• Exercise directions: The records that follow are to be given again exactly, with their pictures omitted.
********
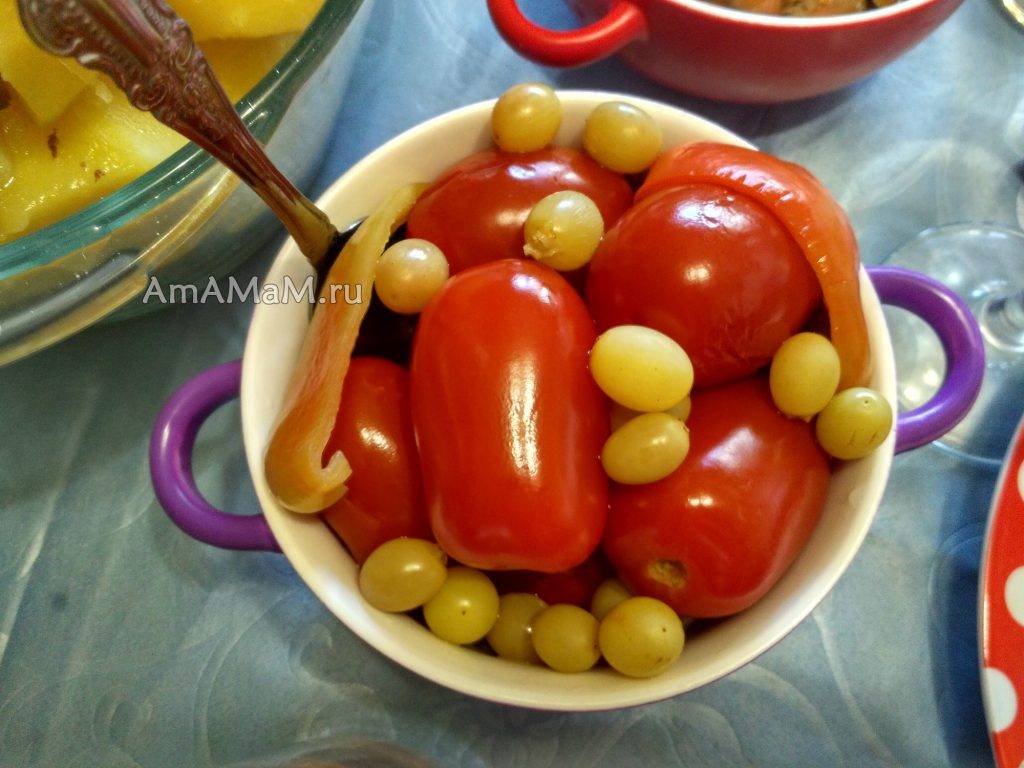 Помидоры с виноградом и сладким перцем на праздничном столе
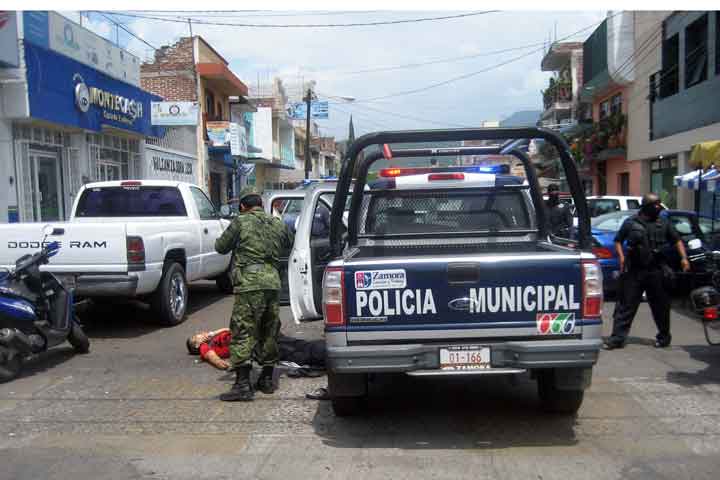 Un sujeto que ebrio y al parecer drogado fue reportado escandalizando en el mercado Hidalgo de Zamora fue detenido por la policía municipal pero, cuando los elementos pretendían subirlo a una patrulla, éste sacó una pistola y amagó a uno de los uniformados amenazando con matarlo de un tiro en la cabeza, por lo que sus compañeros vieron la acción y mataron al empistolado.
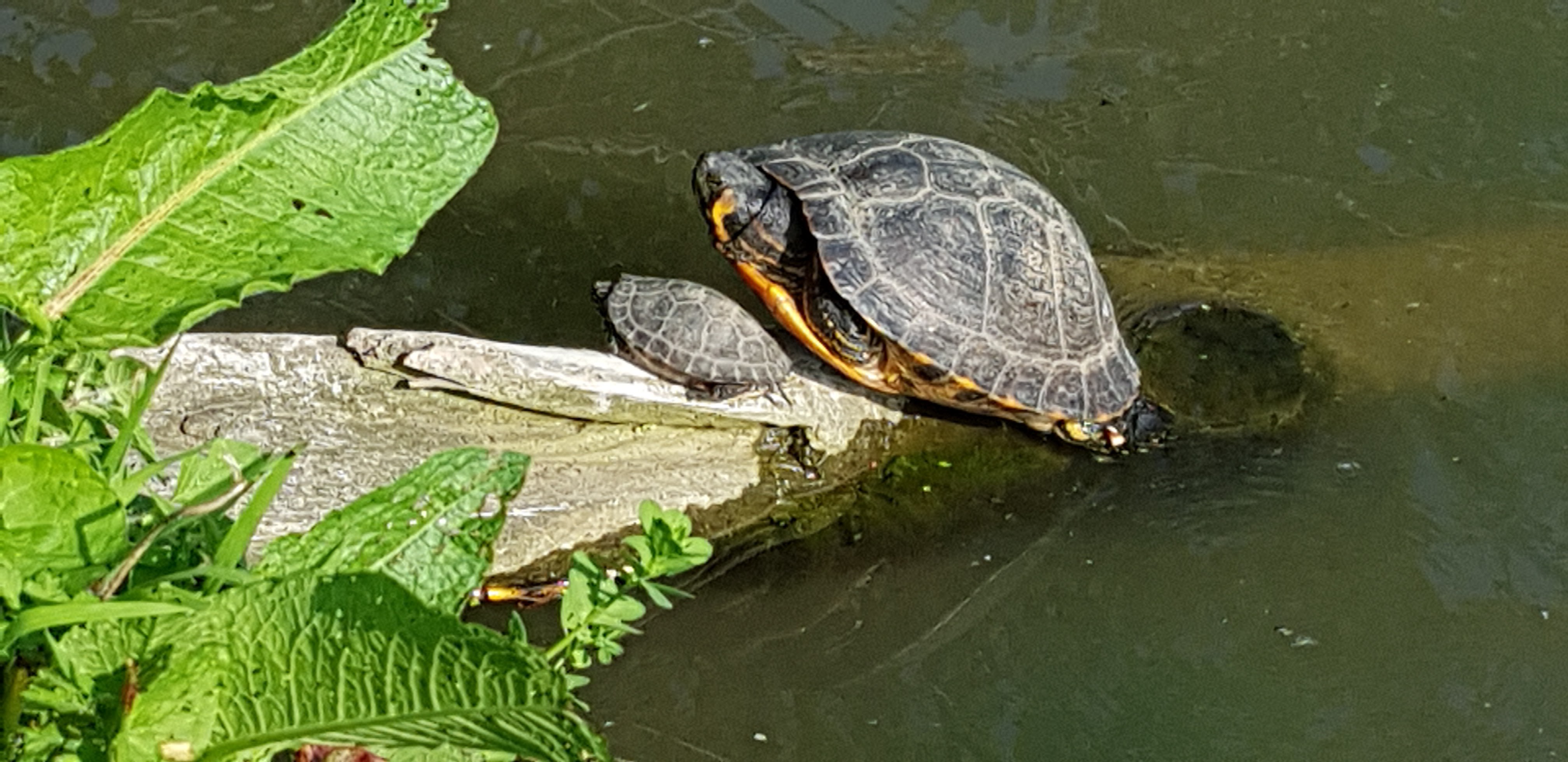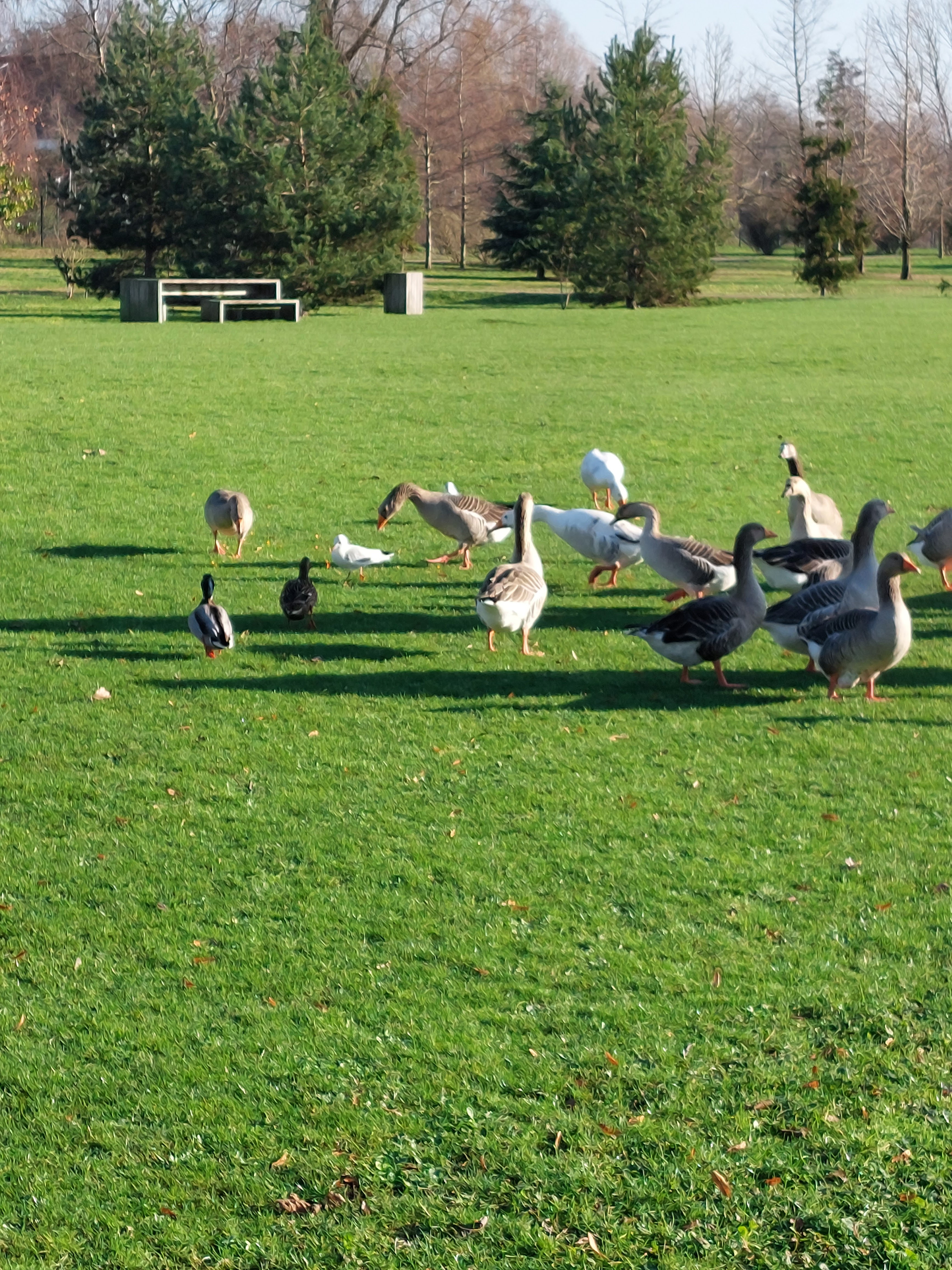 Oies, oisons, canards, canetons, tortues. Très jolie parc.
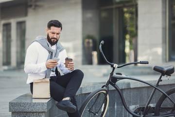 Young man sipping coffee and checking smartphone while sitting on ledge in urban plaza
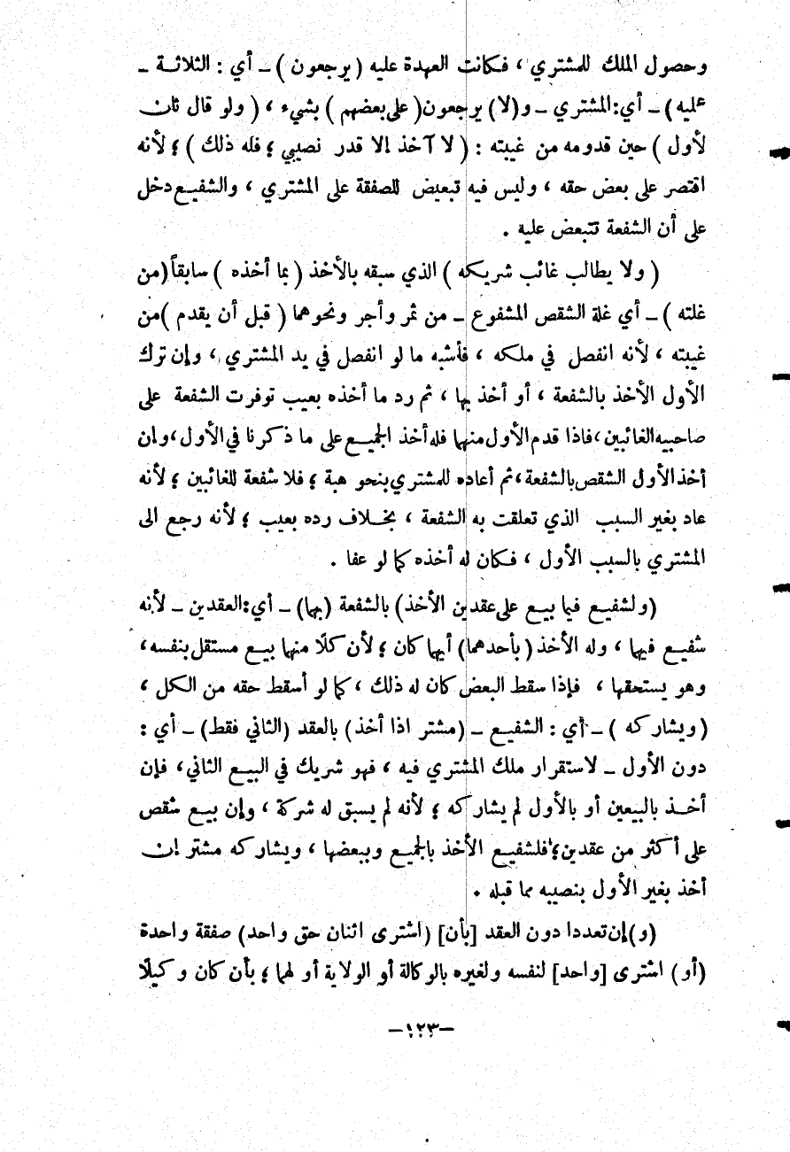 وَحُصُولُ الْمِلْكِ لِلْمُشْتَرِي، فَكَانَتْ الْعُهْدَةُ عَلَيْهِ (يَرْجِعُونَ) - أَيْ: الثَّلَاثَةُ - (عَلَيْهِ) - أَيْ: الْمُشْتَرِي - وَ (لَا) يَرْجِعُونَ (عَلَى بَعْضِهِمْ) بِشَيْءٍ، (وَلَوْ قَالَ ثَانٍ لِأَوَّلٍ) حِينَ قُدُومِهِ مِنْ غَيْبَتِهِ: (لَا آخُذُ إلَّا قَدْرَ نَصِيبِي؛ فَلَهُ ذَلِكَ) ؛ لِأَنَّهُ اقْتَصَرَ عَلَى بَعْضِ حَقِّهِ، وَلَيْسَ فِيهِ تَبْعِيضٌ لِلصَّفْقَةِ عَلَى الْمُشْتَرِي، وَالشَّفِيعُ دَخَلَ عَلَى أَنَّ الشُّفْعَةَ تَتَبَعَّضُ عَلَيْهِ
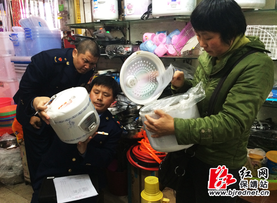 执法人员仔细查看家用小电器商品标识是否齐全
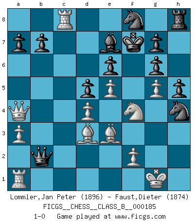 Last move : 1-0 2013 July 10 14:9:56 [Event "FICGS__CHESS__CLASS_B__000185"] [Site "FICGS"] [Date "2013.02.26"] [Round "1"] [White "Lommler,Jan Peter"] [Black "Faust,Dieter"] [Result "1-0"] [WhiteElo "1896"] [BlackElo "1874"] 1.e4 c6 2.d4 d5 3.e5 Bf5 4.Nc3 e6 5.g4 Bg6 6.Nf3 h5 7.g5 Ne7 8.Nh4 Nd7 9.a3 Nf5 10.Nxg6 fxg6 11.Ne2 Kf7 12.c3 c5 13.Nf4 cxd4 14.cxd4 Be7 15.h4 Qb6 16.Be3 Qxb2 17.Bd3 Rac8 18.O-O Nf8 19.Qa4 Nxh4 20.Rfb1 Qc3 21.Rc1 Qb2 22.Rxc8 1-0 Caro-Kann : Advance variation Kingside Castling by player White (move 18) Player White won this chess game. Follow this game move after move (download)Chess is played with the mind and not with the hands ! (Renaud and Kahn) Ich verstehe Aljechins Kombinationen ganz gut; aber woher er diese Angriffschancen bekommt und wie er die Eröffnung behandelt das ist für mich ein Buch mit sieben Siegeln. (Rudolf Spielmann) Observen a Garry Kasparov. Después de una derrota, invariablemente el gana la próxima partida. Prácticamente hace pedazos a su siguiente oponente. Eso es algo que tenemos que aprender a lograr. (Maurice Ashley) Le plus grand jeu de l'esprit jamais inventé, plus vous l'apprenez, plus vous y prenez du plaisir. (Garry Kasparov) If you are good, you will be assigned all the work. If you are really good, you will get out of it. (Dan Rotaru)
********
• Task output:
 Помидоры с виноградом и сладким перцем на праздничном столе
 Un sujeto que ebrio y al parecer drogado fue reportado escandalizando en el mercado Hidalgo de Zamora fue detenido por la policía municipal pero, cuando los elementos pretendían subirlo a una patrulla, éste sacó una pistola y amagó a uno de los uniformados amenazando con matarlo de un tiro en la cabeza, por lo que sus compañeros vieron la acción y mataron al empistolado.
 Oies, oisons, canards, canetons, tortues. Très jolie parc.
 Young man sipping coffee and checking smartphone while sitting on ledge in urban plaza
 وَحُصُولُ الْمِلْكِ لِلْمُشْتَرِي، فَكَانَتْ الْعُهْدَةُ عَلَيْهِ (يَرْجِعُونَ) - أَيْ: الثَّلَاثَةُ - (عَلَيْهِ) - أَيْ: الْمُشْتَرِي - وَ (لَا) يَرْجِعُونَ (عَلَى بَعْضِهِمْ) بِشَيْءٍ، (وَلَوْ قَالَ ثَانٍ لِأَوَّلٍ) حِينَ قُدُومِهِ مِنْ غَيْبَتِهِ: (لَا آخُذُ إلَّا قَدْرَ نَصِيبِي؛ فَلَهُ ذَلِكَ) ؛ لِأَنَّهُ اقْتَصَرَ عَلَى بَعْضِ حَقِّهِ، وَلَيْسَ فِيهِ تَبْعِيضٌ لِلصَّفْقَةِ عَلَى الْمُشْتَرِي، وَالشَّفِيعُ دَخَلَ عَلَى أَنَّ الشُّفْعَةَ تَتَبَعَّضُ عَلَيْهِ
 执法人员仔细查看家用小电器商品标识是否齐全
 Last move : 1-0 2013 July 10 14:9:56 [Event "FICGS__CHESS__CLASS_B__000185"] [Site "FICGS"] [Date "2013.02.26"] [Round "1"] [White "Lommler,Jan Peter"] [Black "Faust,Dieter"] [Result "1-0"] [WhiteElo "1896"] [BlackElo "1874"] 1.e4 c6 2.d4 d5 3.e5 Bf5 4.Nc3 e6 5.g4 Bg6 6.Nf3 h5 7.g5 Ne7 8.Nh4 Nd7 9.a3 Nf5 10.Nxg6 fxg6 11.Ne2 Kf7 12.c3 c5 13.Nf4 cxd4 14.cxd4 Be7 15.h4 Qb6 16.Be3 Qxb2 17.Bd3 Rac8 18.O-O Nf8 19.Qa4 Nxh4 20.Rfb1 Qc3 21.Rc1 Qb2 22.Rxc8 1-0 Caro-Kann : Advance variation Kingside Castling by player White (move 18) Player White won this chess game. Follow this game move after move (download)Chess is played with the mind and not with the hands ! (Renaud and Kahn) Ich verstehe Aljechins Kombinationen ganz gut; aber woher er diese Angriffschancen bekommt und wie er die Eröffnung behandelt das ist für mich ein Buch mit sieben Siegeln. (Rudolf Spielmann) Observen a Garry Kasparov. Después de una derrota, invariablemente el gana la próxima partida. Prácticamente hace pedazos a su siguiente oponente. Eso es algo que tenemos que aprender a lograr. (Maurice Ashley) Le plus grand jeu de l'esprit jamais inventé, plus vous l'apprenez, plus vous y prenez du plaisir. (Garry Kasparov) If you are good, you will be assigned all the work. If you are really good, you will get out of it. (Dan Rotaru)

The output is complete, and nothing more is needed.